We have QS Enterprise 2019 June version installed to our production. In this environment, we have 1 independent postgreSQL server, 1 central, 1 proxy,2 consumer nodes, 2 reload nodes.
This morning at 1:11:38, our postgreSQL decided to shutdown itself. (not the server, but only postgres). At 1:12:30, postgres is back.
But at 1:11:39, central node send request to postgres, and got error: "Unable to read data from the transport connection: An existing connection was forcibly closed by the remote host. ---> System.IO.IOException: Unable to read data from the transport connection: An existing connection was forcibly closed by the remote host. ---> System.Net.Sockets.SocketException: An existing connection was forcibly closed by the remote host↵↓ at System.Net.Sockets.NetworkStream.Read(Byte buffer, Int32 offset, Int32 size)↵↓ --- End of inner exception stack trace ---↵↓ at Devart.Common.aa.a(Byte A_0, Int32 A_1, Int32 A_2)↵↓ at Devart.Common.g.c(Byte A_0, Int32 A_1, Int32 A_2)↵↓ at Devart.Common.o.d(Byte A_0, Int32 A_1, Int32 A_2)↵↓ at Devart.Common.al.d(Exception A_0)↵↓ at Devart.Common.o.d(Byte A_0, Int32 A_1, Int32 A_2)↵↓ at Devart.Data.PostgreSql.v.a(Boolean A_0, Boolean A_1, Char A_2, Boolean A_3)↵↓ at Devart.Data.PostgreSql.f.a()' 50d8c47f-e291-4ddc-b61e-5c71acf82864"
central node tried altogether 7 times. The last try is at 1:20:20.

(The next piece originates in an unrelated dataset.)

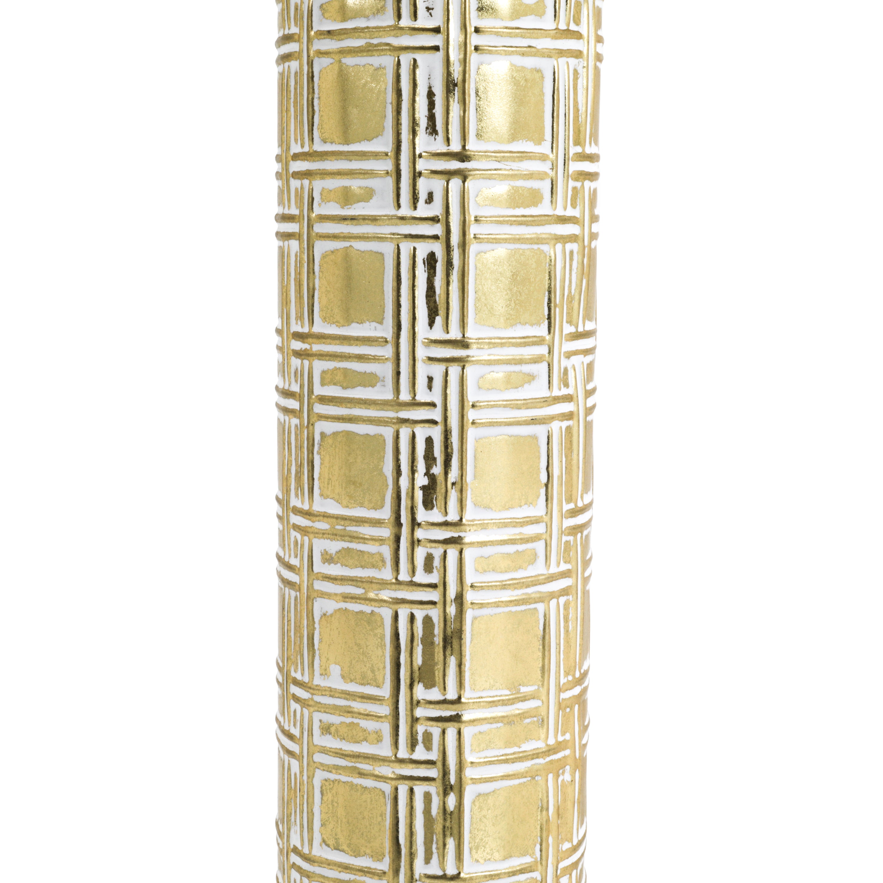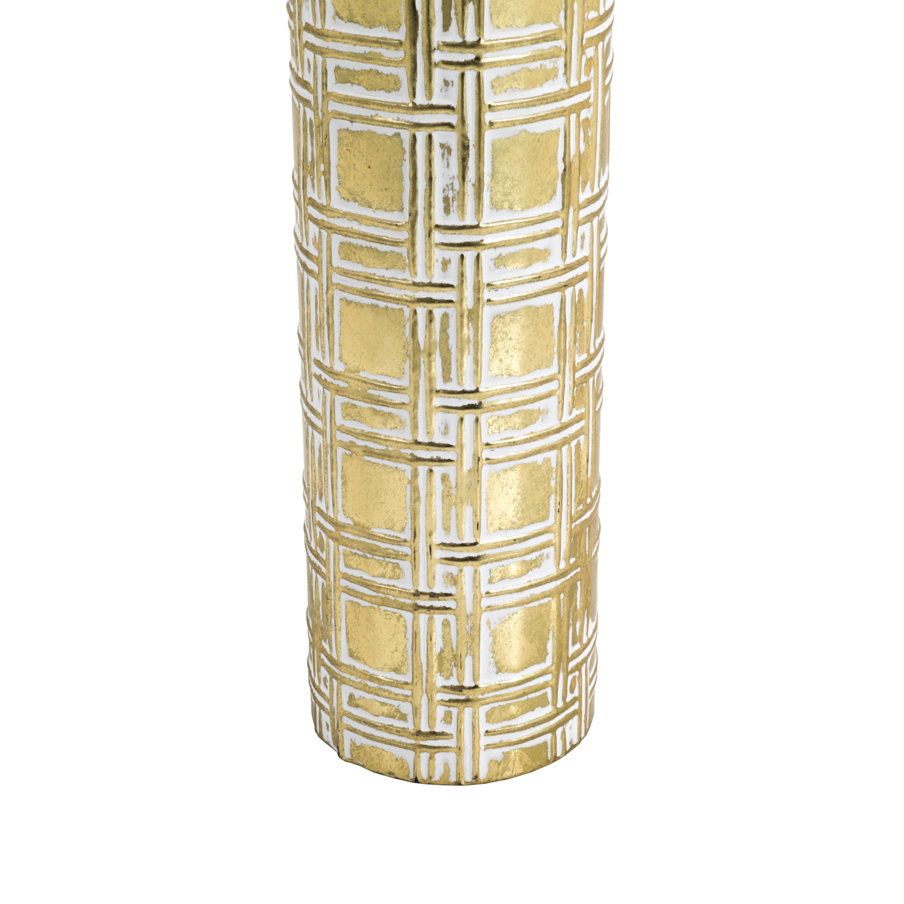 Details: Gold vase with white square pattern on exterior. Dimensions: 35.5" H x 6" D

After receiving error message "No connection could be made because the target machine actively refused it" at 1:20:20, it decided to terminate background work executor. Central node recorded "terminating background work executor" and "Executor stopped" about every half hours during 1:12:36am until 6.55.02am. The termination resulted central node cannot get extension informantion from \\shared drive\StaticContent\Extensions\. Central node complains "Invalid extension schema".

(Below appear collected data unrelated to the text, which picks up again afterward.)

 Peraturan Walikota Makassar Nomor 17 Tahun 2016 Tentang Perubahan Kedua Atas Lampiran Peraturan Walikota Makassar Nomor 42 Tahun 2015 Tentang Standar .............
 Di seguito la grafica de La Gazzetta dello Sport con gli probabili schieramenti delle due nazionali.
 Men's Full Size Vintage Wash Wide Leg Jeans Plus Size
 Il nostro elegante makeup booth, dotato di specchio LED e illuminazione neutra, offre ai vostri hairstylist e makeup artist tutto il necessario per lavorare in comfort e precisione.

We found in the morning at 8.14am that no chart renders in mashups, cannot access apps in hub, QMC shows only black background and big running circle.

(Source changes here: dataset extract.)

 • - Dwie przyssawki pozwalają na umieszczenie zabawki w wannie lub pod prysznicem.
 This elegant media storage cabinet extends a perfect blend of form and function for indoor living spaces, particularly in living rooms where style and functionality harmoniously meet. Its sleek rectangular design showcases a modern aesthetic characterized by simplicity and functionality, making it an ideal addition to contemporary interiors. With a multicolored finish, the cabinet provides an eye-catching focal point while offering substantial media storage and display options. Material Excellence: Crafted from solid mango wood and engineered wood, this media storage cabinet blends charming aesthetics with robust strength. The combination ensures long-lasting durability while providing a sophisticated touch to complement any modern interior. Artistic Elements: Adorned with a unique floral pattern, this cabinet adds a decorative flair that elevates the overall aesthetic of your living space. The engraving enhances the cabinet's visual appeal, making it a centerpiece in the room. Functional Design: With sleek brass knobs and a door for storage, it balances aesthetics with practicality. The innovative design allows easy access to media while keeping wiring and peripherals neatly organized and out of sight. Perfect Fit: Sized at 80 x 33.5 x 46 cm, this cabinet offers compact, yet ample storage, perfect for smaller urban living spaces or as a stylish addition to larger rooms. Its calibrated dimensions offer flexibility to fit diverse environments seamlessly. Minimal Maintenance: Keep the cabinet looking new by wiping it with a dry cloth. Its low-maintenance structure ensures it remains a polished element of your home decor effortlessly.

At 9:05am, somehow mysteriously everything starts to work. I found from system_repository log that System.Repository.Repository.Core.Installer.InstallerConfigurationHandler wrote: " Installer configuration successfully read" After that there is no complaining about "Invalid extension schema".
My question is: why central node stopped trying to contact postgres server after 1:12:20?
I also need advice on how to find out what fixed the issue at 9:05am. The only thing I did was trying to access QMC from different proxy service of different nodes. We have proxy service in ceontral node, proxy node and 1 consumer node. Colleagues said they haven't done anything, except rebooted QS shared drive at around 8:46.